**What the task asks**
Every record that follows should be copied exactly. No picture belongs in the copy.

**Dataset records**
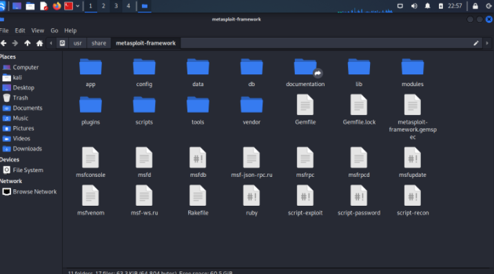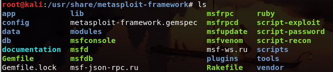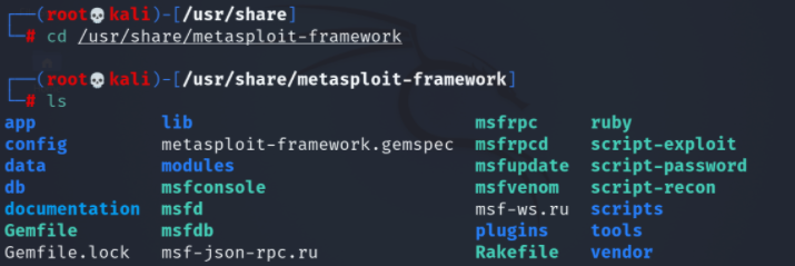 kali终端中进入/usr/share/metasploit-framework目录
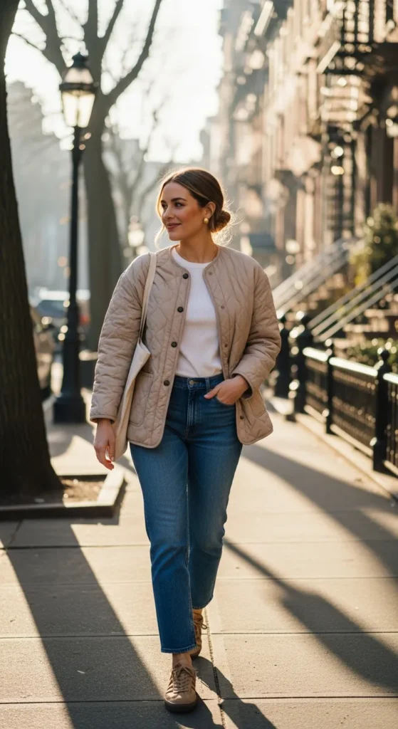 A beige quilted jacket layered over a ribbed white tee and straight leg blue jeans creates an easy, comforting outfit that feels calm, put together, and perfect for slow mornings and everyday city errands.
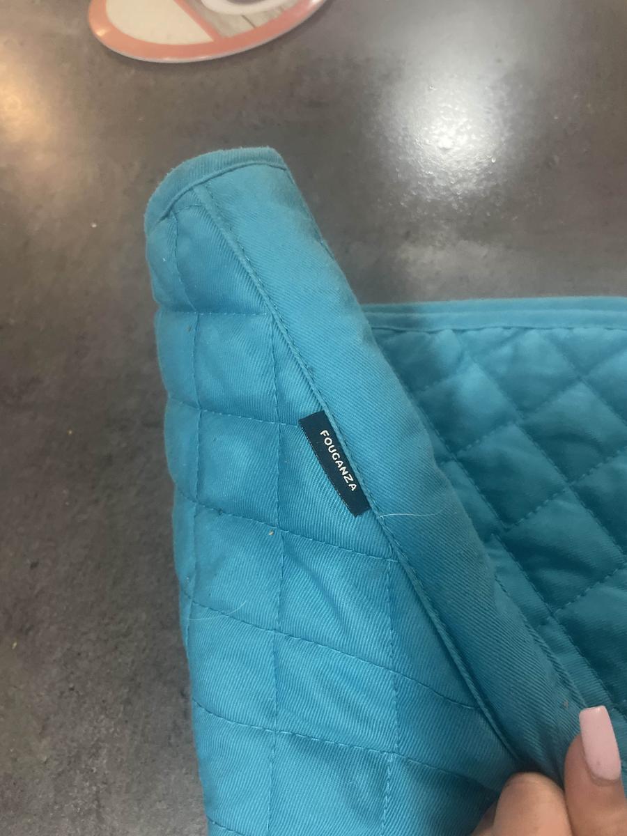 tapis bleu claire, Decathlon, taille, shetland, porter quelques fois, mais en très bon état, et la matière est très pratique pour enlever les poils
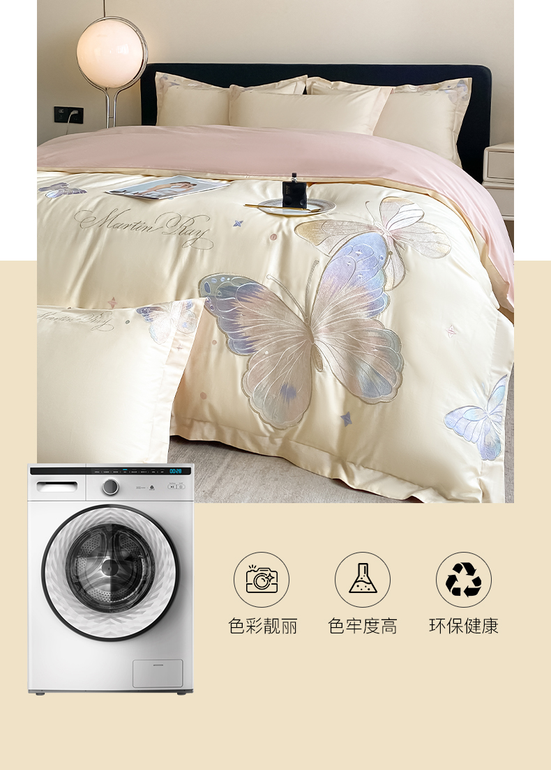 (总)理想家家纺 理想家家纺 2025新款云朵棉水洗真丝刺绣四件套,翩羽白,翩羽粉,翩羽蓝,翩羽绿,翩羽紫
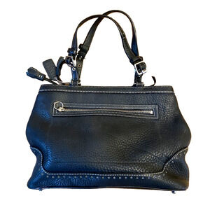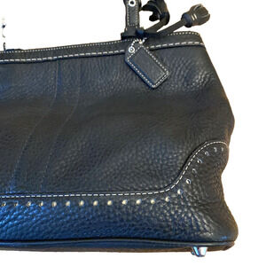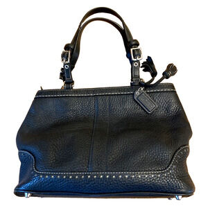 Coach Hampton Pebbled Leather Tassel Satchel Handbag Purse Black Silver 2-Handle
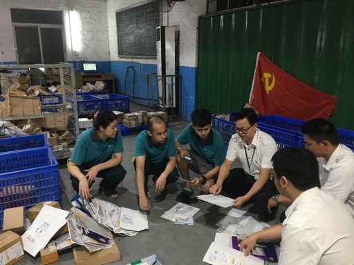2018年7月1日,帶著這一課題,職能部室黨員劉松釗、曾俊軍以掛靠方式派駐到石牌投遞部黨小組。平日里,他們與攬投員一起上門攬件、打包、裝車,在充分掌握基層網點生產情況的基礎上,提出對大客戶寄遞的輕小件采取直封和集包的建議。
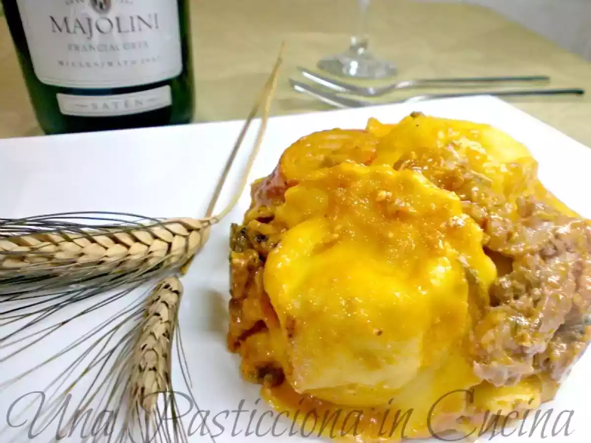 - Nel frattempo, fate cuocere in abbondante acqua salata i ravioli di pesce – girasoli ripieni ; una volta cotti, scolateli e versateli nella padella contenente il condimento già preparato in precedenza : aggiungetevi anche la panna da cucina e proseguite la cottura per alcuni minuti, a fuoco vivo, in modo da far insaporire per bene il tutto, dopodichè servite .
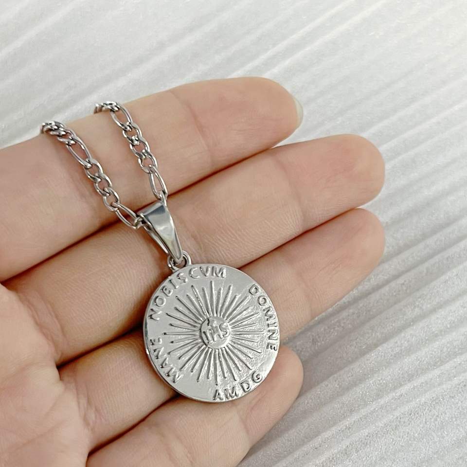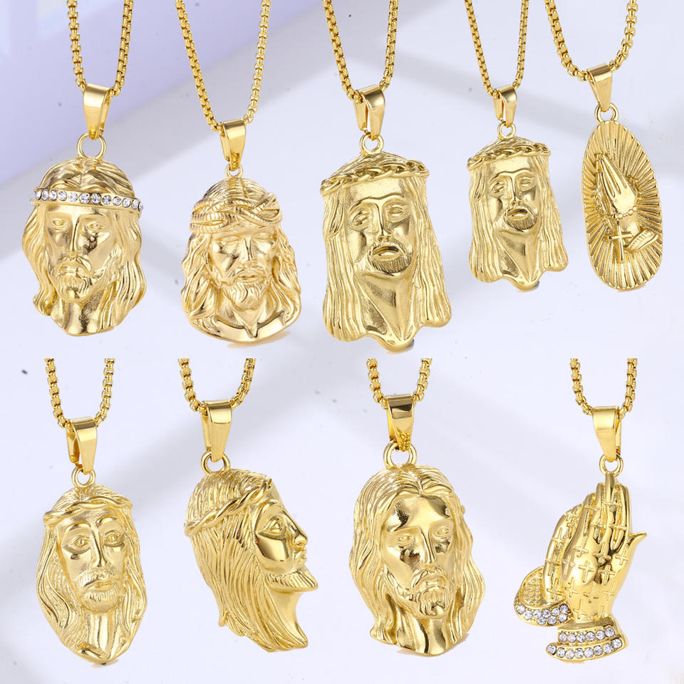Collier chrétien en acier inoxydable plaqué or 18 carats avec médaille de Jésus-Christ, pièce biblique, tête de Jésus, bijoux

**Solution**
 kali终端中进入/usr/share/metasploit-framework目录
 A beige quilted jacket layered over a ribbed white tee and straight leg blue jeans creates an easy, comforting outfit that feels calm, put together, and perfect for slow mornings and everyday city errands.
 tapis bleu claire, Decathlon, taille, shetland, porter quelques fois, mais en très bon état, et la matière est très pratique pour enlever les poils
 (总)理想家家纺 理想家家纺 2025新款云朵棉水洗真丝刺绣四件套,翩羽白,翩羽粉,翩羽蓝,翩羽绿,翩羽紫
 Coach Hampton Pebbled Leather Tassel Satchel Handbag Purse Black Silver 2-Handle
2018年7月1日,帶著這一課題,職能部室黨員劉松釗、曾俊軍以掛靠方式派駐到石牌投遞部黨小組。平日里,他們與攬投員一起上門攬件、打包、裝車,在充分掌握基層網點生產情況的基礎上,提出對大客戶寄遞的輕小件采取直封和集包的建議。
 - Nel frattempo, fate cuocere in abbondante acqua salata i ravioli di pesce – girasoli ripieni ; una volta cotti, scolateli e versateli nella padella contenente il condimento già preparato in precedenza : aggiungetevi anche la panna da cucina e proseguite la cottura per alcuni minuti, a fuoco vivo, in modo da far insaporire per bene il tutto, dopodichè servite .
Collier chrétien en acier inoxydable plaqué or 18 carats avec médaille de Jésus-Christ, pièce biblique, tête de Jésus, bijoux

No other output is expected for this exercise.